Wednesday, December 31, 2008

"Pumpkins" -- oil on canvas -- 40x60" -- Margie Guyot

This was almost as hard to photograph as it was to paint! This image got cropped a bit. I use a little point and shoot digital to get my jollies with. I work from life, not from a photo. I only photograph things when they're finished.

These are the coolest pumpkins! All were grown locally, mostly at Bolt's Farm, on Atwood Road. We had them as decorations at Tapawingo this fall and my boss let me take them home. I knew I wanted to use them in a still life. I'll try planting the seeds next spring. I hope the deer leave them alone.

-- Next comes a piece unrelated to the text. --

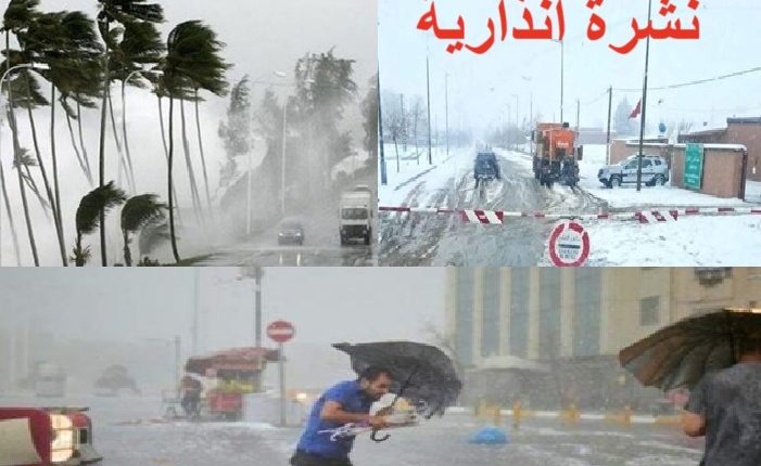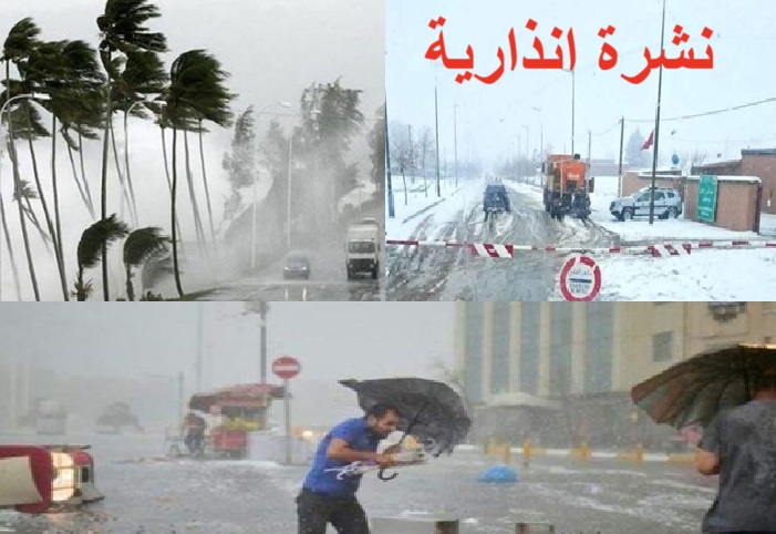 أفادت المديرية العامة للأرصاد الجوية بأن تساقطات ثلجية (20-70 سم) على المرتفعات التي تتجاوز 1500 متر، وأمطارا قوية وأحيانا رعدية مع تساقط محلي للبر د (30-150 ملم)، وهبات رياح قوية مع تطاير محلي للغبار (70-95 كلم/س)، مرتقبة من اليوم السبت إلى بعد غد الاثنين بعدد من مناطق المملكة.

Everything in the painting was scavanged or haggled for. The table was from a resale shop. Finally -- a big table to put still lifes on! In the past I balanced a piece of drywall on cardboard boxes. The orange and beige tapestry I haggled for down in Peru some years ago. The deer antler came from a garage sale, as did the squirrel nutcracker. The ornate gold frame was from a resale shop and I found the wild turkey feathers out in the woods. Those prickly-looking doodads in the upper right corner are seedheads from cardoon flowers. The Mexican bat mask I haggled for down in Mexico when I was there last time, on a mushroom-hunting trip up in the volcano region, outside Mexico City. Ah, I love junk!

The one piece that inspired this whole painting was the orange plastic Jack-o-lantern Jell-O mold I got at the neighbor's potluck and give-away party! As soon as I saw it, I got goosebumps! When something gives me goosebumps, it's a sign I need to follow through with it.

Even the canvas itself was from a garage sale.